Leaving out the pictures, return word for word the stretch of entries below from the line holding "In this simulation, the" through the line holding "央視軍事15日放出的解放軍搶".

## Data to process
=-=-=-=-=

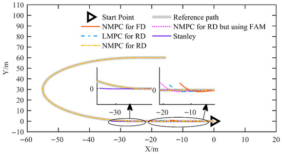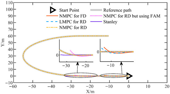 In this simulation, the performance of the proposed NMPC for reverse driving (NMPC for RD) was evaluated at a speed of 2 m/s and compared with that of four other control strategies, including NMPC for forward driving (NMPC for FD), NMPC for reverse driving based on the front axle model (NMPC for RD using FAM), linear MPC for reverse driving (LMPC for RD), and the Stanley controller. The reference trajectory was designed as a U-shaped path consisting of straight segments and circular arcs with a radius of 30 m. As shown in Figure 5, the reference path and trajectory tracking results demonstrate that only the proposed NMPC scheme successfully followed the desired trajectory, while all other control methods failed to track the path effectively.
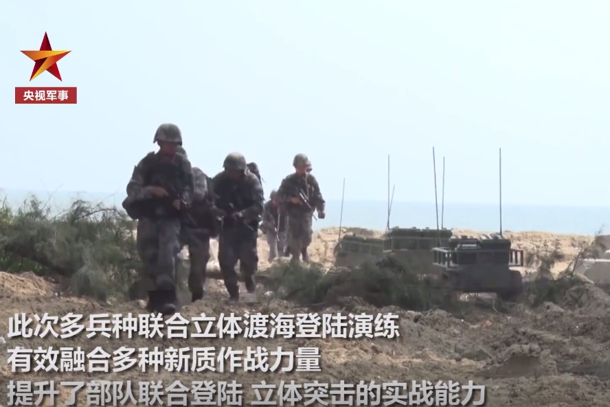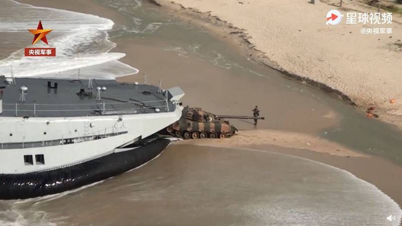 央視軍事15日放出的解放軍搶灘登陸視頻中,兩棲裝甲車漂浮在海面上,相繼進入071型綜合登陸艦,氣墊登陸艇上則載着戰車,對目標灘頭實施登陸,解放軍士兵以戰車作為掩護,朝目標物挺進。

=-=-=-=-=

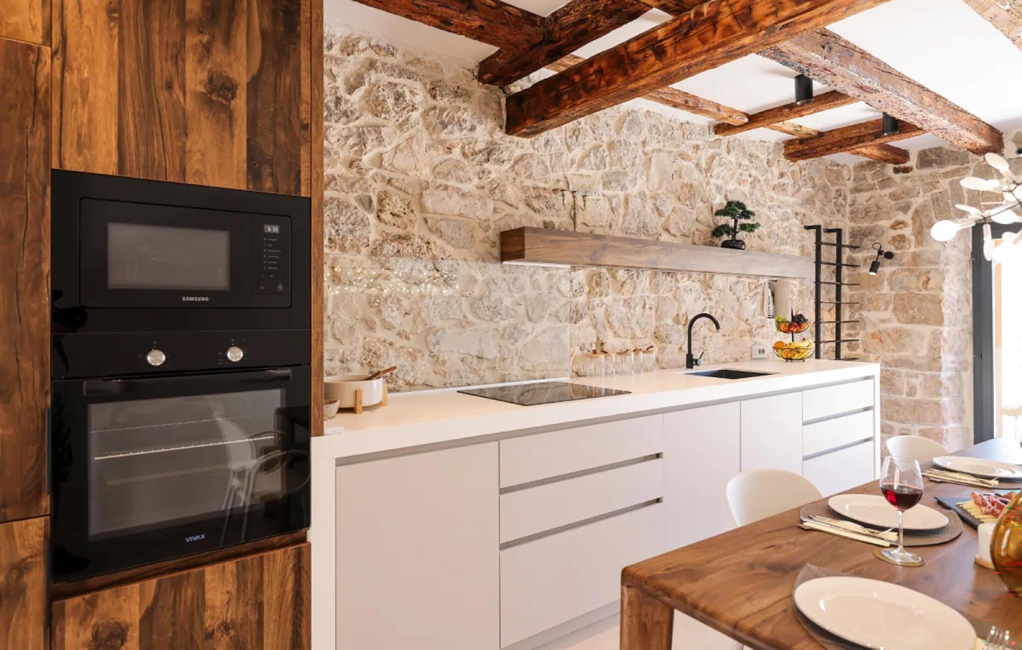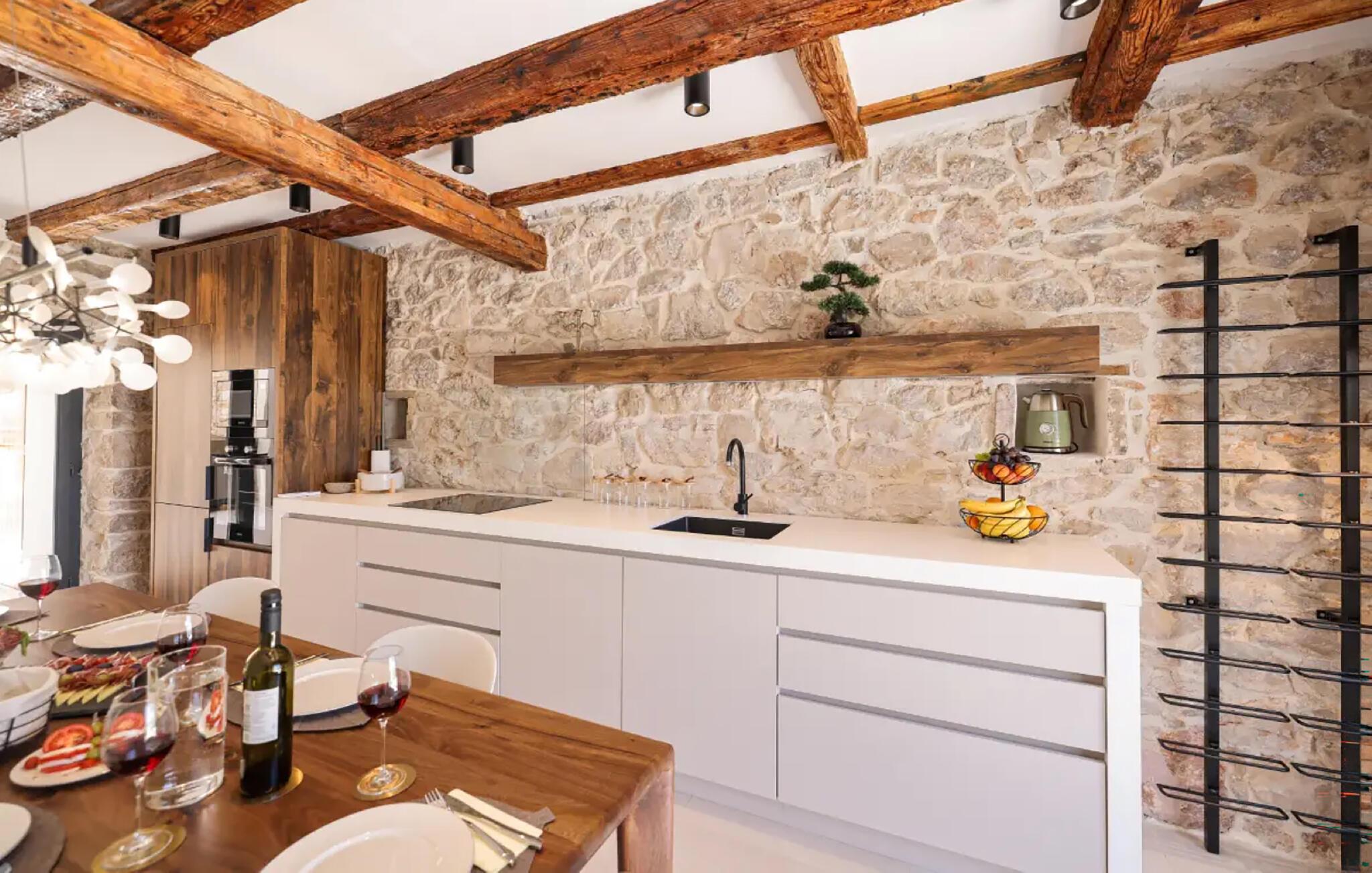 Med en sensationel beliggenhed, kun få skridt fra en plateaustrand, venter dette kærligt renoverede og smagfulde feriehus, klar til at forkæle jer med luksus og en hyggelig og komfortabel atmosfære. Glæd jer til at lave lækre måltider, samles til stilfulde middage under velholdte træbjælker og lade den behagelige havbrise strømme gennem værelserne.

=-=-=-=-=

## Answer below
 In this simulation, the performance of the proposed NMPC for reverse driving (NMPC for RD) was evaluated at a speed of 2 m/s and compared with that of four other control strategies, including NMPC for forward driving (NMPC for FD), NMPC for reverse driving based on the front axle model (NMPC for RD using FAM), linear MPC for reverse driving (LMPC for RD), and the Stanley controller. The reference trajectory was designed as a U-shaped path consisting of straight segments and circular arcs with a radius of 30 m. As shown in Figure 5, the reference path and trajectory tracking results demonstrate that only the proposed NMPC scheme successfully followed the desired trajectory, while all other control methods failed to track the path effectively.
 央視軍事15日放出的解放軍搶灘登陸視頻中,兩棲裝甲車漂浮在海面上,相繼進入071型綜合登陸艦,氣墊登陸艇上則載着戰車,對目標灘頭實施登陸,解放軍士兵以戰車作為掩護,朝目標物挺進。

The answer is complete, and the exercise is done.